== Supplied data ==

--------------------

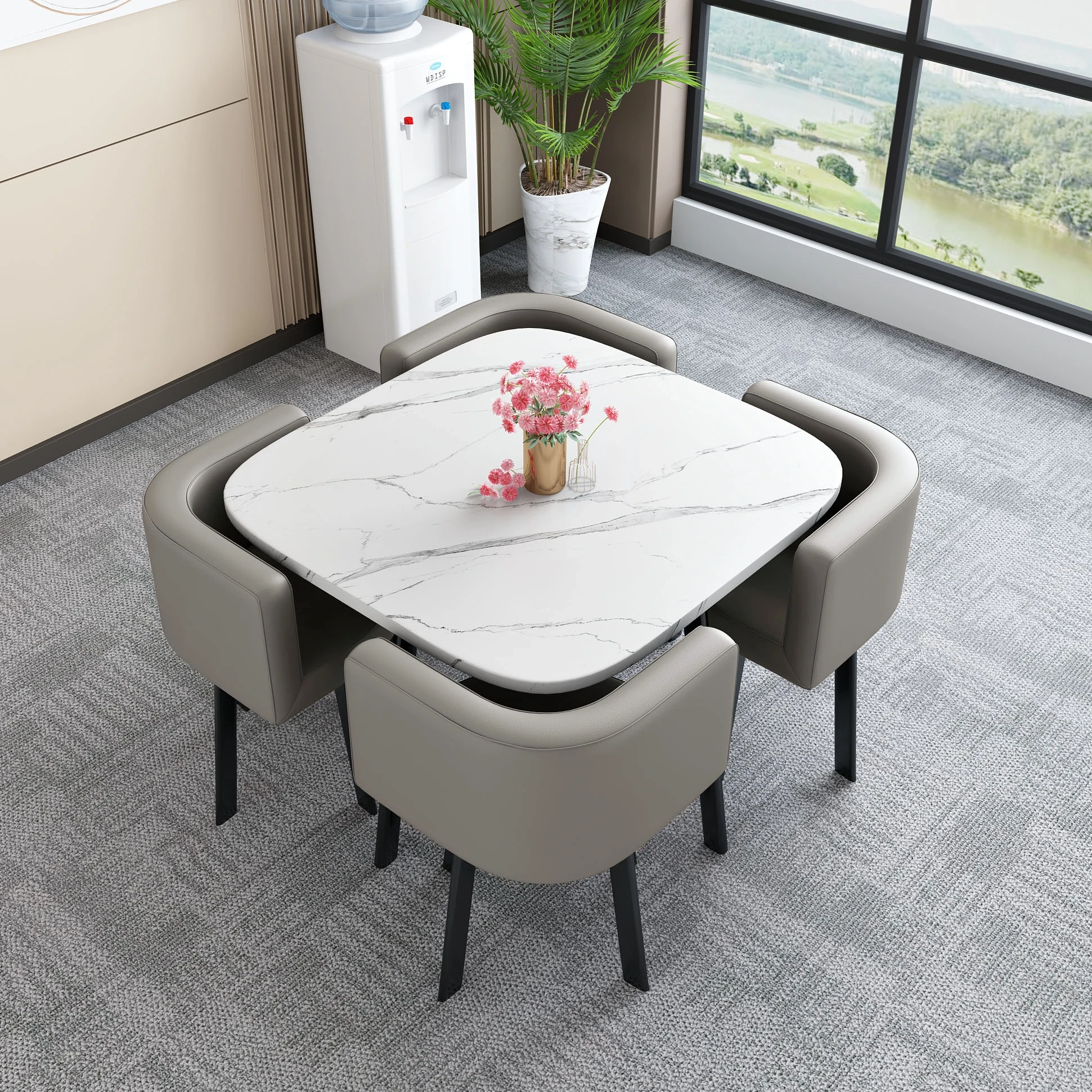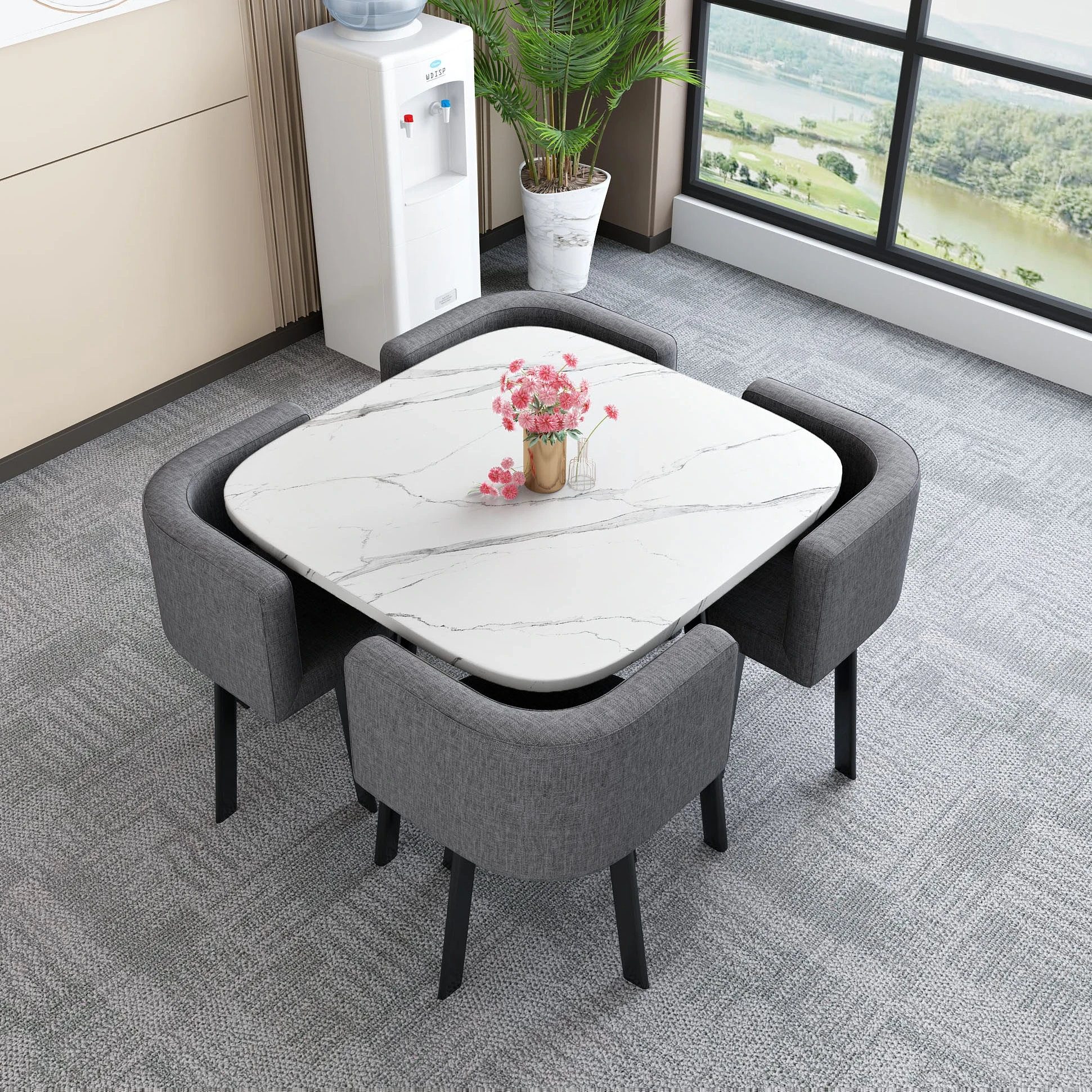 彷大理石四角卓+グレー布椅子 一卓4椅子
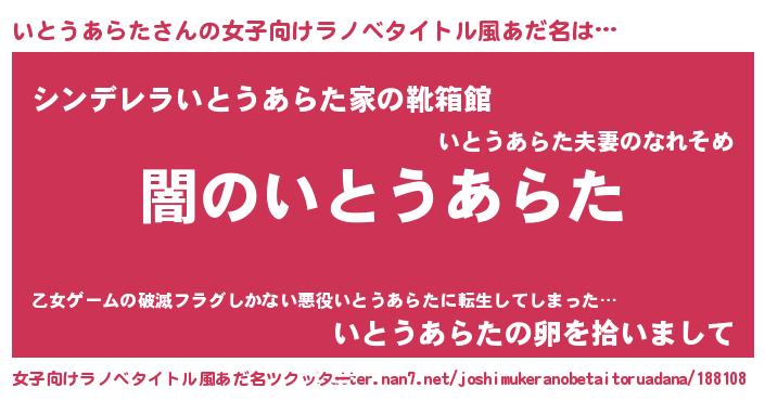| 男性向けラノベタイトル風あだ名 | 『Re:いとうあらたから始める異世界生活』 |
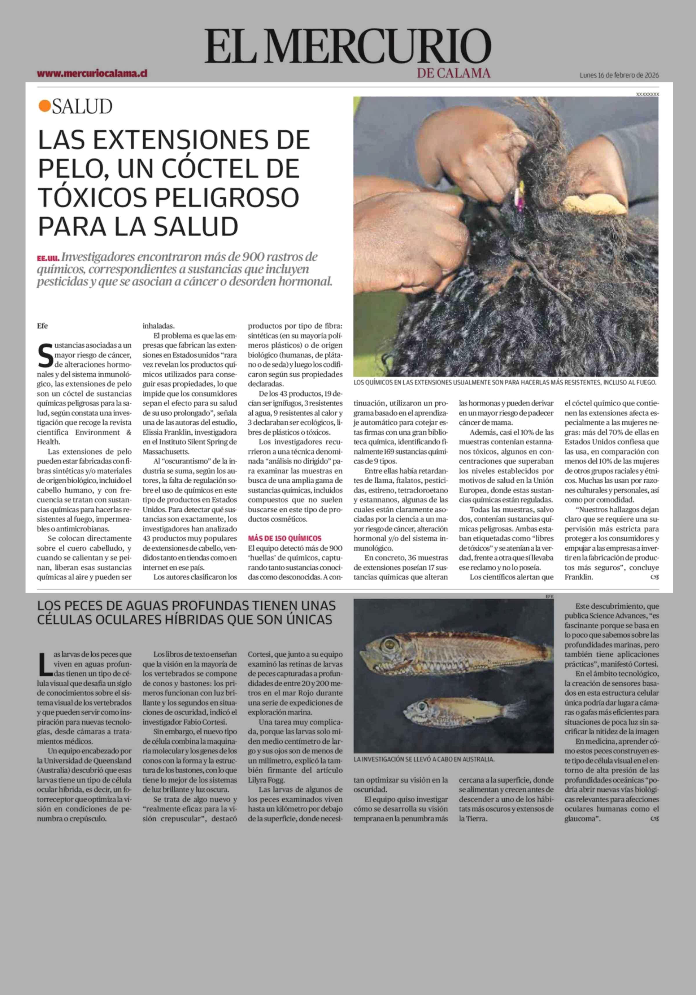 LAS EXTENSIONES DE PELO, UN CÓCTEL DE TÓXICOS PELIGROSO PARA LA SALUD 16-02-2026 El Mercurio de Calama |
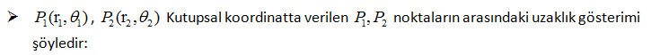 Şimdi de Kutupsal koordinatları verilen noktalarla ilgili birkaç formül verelim.
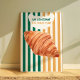 Bring a touch of Parisian charm into your space with this stylish croissant poster featuring the phrase “Un Croissant S’il Vous Plaît.” Designed with bold vertical stripes in rich green, warm mustard, and soft neutrals, this artwork captures the essence of a cozy French café with a modern retro twist.
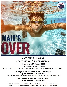 Reminder KSC team fun swim this week, Wednesday, August 24th from 3:30-5 p.m. PARENTS Coach Caleb will talk about our upcoming 2022-2023 swim season at 4:30 p.m. Looking forward to seeing everyone back at the pool! Registration opens for new swim team members Monday, August 22nd. PLEASE NOTE: Novice Program registration and information will be coming soon.
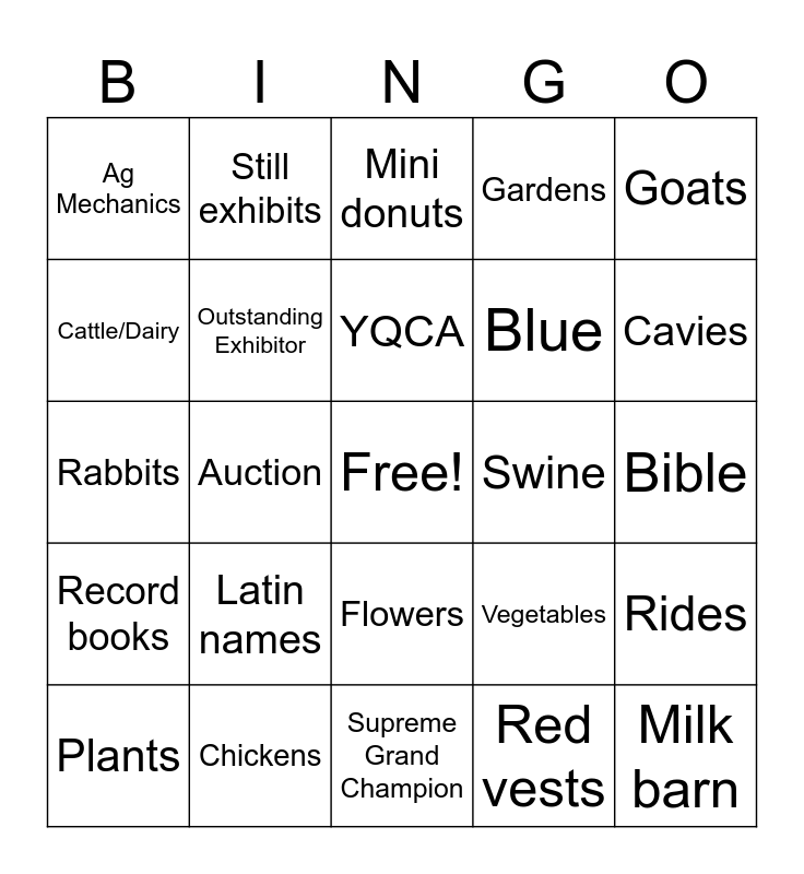 This bingo card has a free space and 24 words: Plants, Latin names, YQCA, Red vests, Goats, Ag Mechanics, Still exhibits, Mini donuts, Swine, Bible, Rabbits, Outstanding Exhibitor, Vegetables, Rides, Cattle/Dairy, Chickens, Supreme Grand Champion, Gardens, Cavies, Record books, Auction, Flowers, Blue and Milk barn.

--------------------

== Task details ==
Repeat word for word the lines starting at the one with "Reminder KSC team" and ending at the final line of the records above, both included; no pictures.

== Response ==
 Reminder KSC team fun swim this week, Wednesday, August 24th from 3:30-5 p.m. PARENTS Coach Caleb will talk about our upcoming 2022-2023 swim season at 4:30 p.m. Looking forward to seeing everyone back at the pool! Registration opens for new swim team members Monday, August 22nd. PLEASE NOTE: Novice Program registration and information will be coming soon.
 This bingo card has a free space and 24 words: Plants, Latin names, YQCA, Red vests, Goats, Ag Mechanics, Still exhibits, Mini donuts, Swine, Bible, Rabbits, Outstanding Exhibitor, Vegetables, Rides, Cattle/Dairy, Chickens, Supreme Grand Champion, Gardens, Cavies, Record books, Auction, Flowers, Blue and Milk barn.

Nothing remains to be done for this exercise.